Témoins du bouillonnement des idées qui précéda la tourmente révolutionnaire, les hommes de caractère furent désireux de se manifester. Né en 1760, Michel Regnaud ne se montra pas le moins déterminé d'entre eux. Il voulut trouver sa place dans les rouages politiques, imprimer sa marque et même, parfois, forcer le destin.
Doté d'un optimisme prenant sa source dans sa foi en l'homme, pourvu d'une rare énergie et d'un don oratoire indiscutable, il sut, dès la réunion des Etats généraux, faire valoir, en sa qualité de député de Saint-Jean-d'Angély, les idées de ses commettants et ses convictions personnelles.

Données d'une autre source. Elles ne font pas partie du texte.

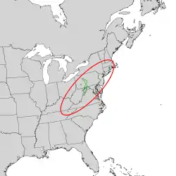 No es común en los bosques húmedos, donde normalmente se encuentra en elevaciones entre los 300 a 700 m s. n. m. La especie es más común en el suroeste de Pensilvania, con algunas poblaciones más pequeñas notables en Virginia Occidental, Tennessee y Connecticut.[4]
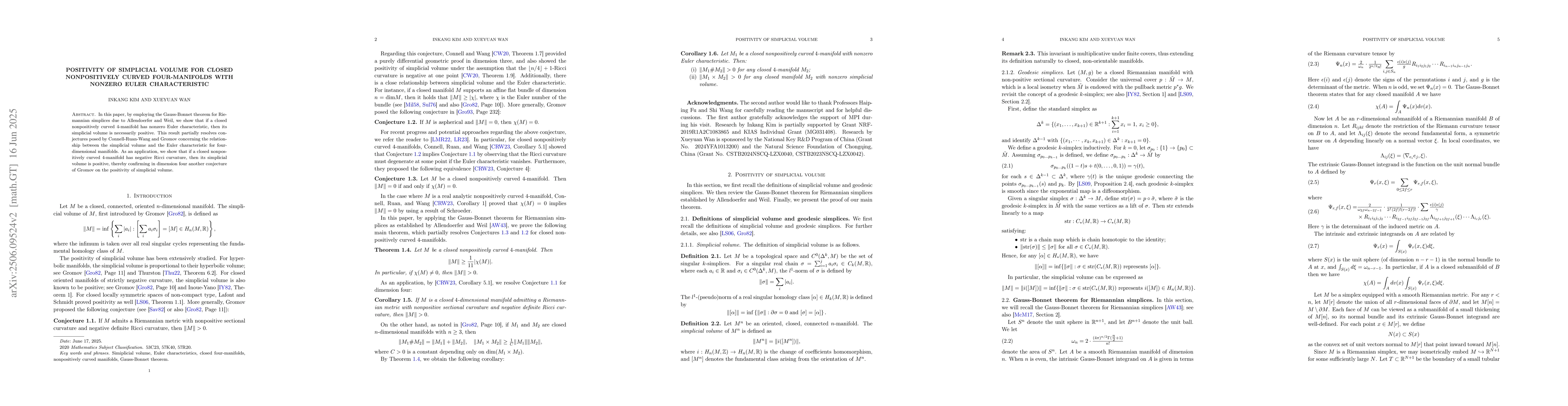 This research proves that certain four-dimensional shapes with nonpositive curvature and nonzero Euler characteristic must have a positive measure called simplicial volume. It also supports conjectures linking curvature, topology, and this volume, especially in cases of negative Ricci curvature.
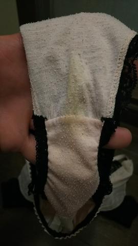今朝の奥様のパンティはオシッコやらマン汁かたっぷり着いてますね手に取り匂い嗅いでチンチンをシコシコしたいです

Mais c'est surtout après avoir rencontré Bonaparte, général en chef de l'armée d'Italie, en 1796, qu'il put donner toute sa mesure. D'abord intendant général des hôpitaux de cette armée pleine de bravoure, puis nommé par le Directoire gouverneur civil de l'île de Malte brillamment conquise, il ne ménagea jamais sa peine. Par la suite, alors que les Directeurs se discréditaient de plus en plus aux yeux des Français et des cours étrangères, Regnaud n'hésita pas à faciliter l'accession au pouvoir de Bonaparte. Il avait jugé que l'homme était exceptionnel et seul capable de mettre fin aux troubles graves qui affaiblissaient la nation de jour en jour. Quelques semaines après Brumaire, le Premier Consul, dès qu'il eut créé le Conseil d'État, désigna Regnaud pour être l'un de ses membres. En 1802, il lui confia la présidence de la section de l'Intérieur de ce même Conseil. Cette présidence, Regnaud devait la conserver jusqu'à la chute de l'Empire, travaillant sans cesse et avec acharnement, soit en traduisant en lois, décrets, règlements, avis, les volontés du Premier Consul puis de l'Empereur, soit en expliquant devant les Assemblées, en qualité d'orateur du gouvernement, l'élaboration de tel ou tel projet, la nécessité de telle ou telle décision. Dans le même temps, il exerça auprès de Napoléon le rôle privilégié et plus discret de conseiller privé. Toujours fidèle à Napoléon, après la seconde abdication comme après la première, Michel Regnaud gagna les Etats-Unis où des rêves en faveur de l'évasion de l'illustre prisonnier pouvaient encore être conçus. Deux ans plus tard, gravement malade, il débarqua en Europe. Après une lamentable errance, à travers divers pays étrangers, enfin autorisé à revenir en France pour y recevoir les soins que nécessitait son état, il arriva à Paris le 19 mars 1819, à huit heures du soir, et mourut dans la nuit.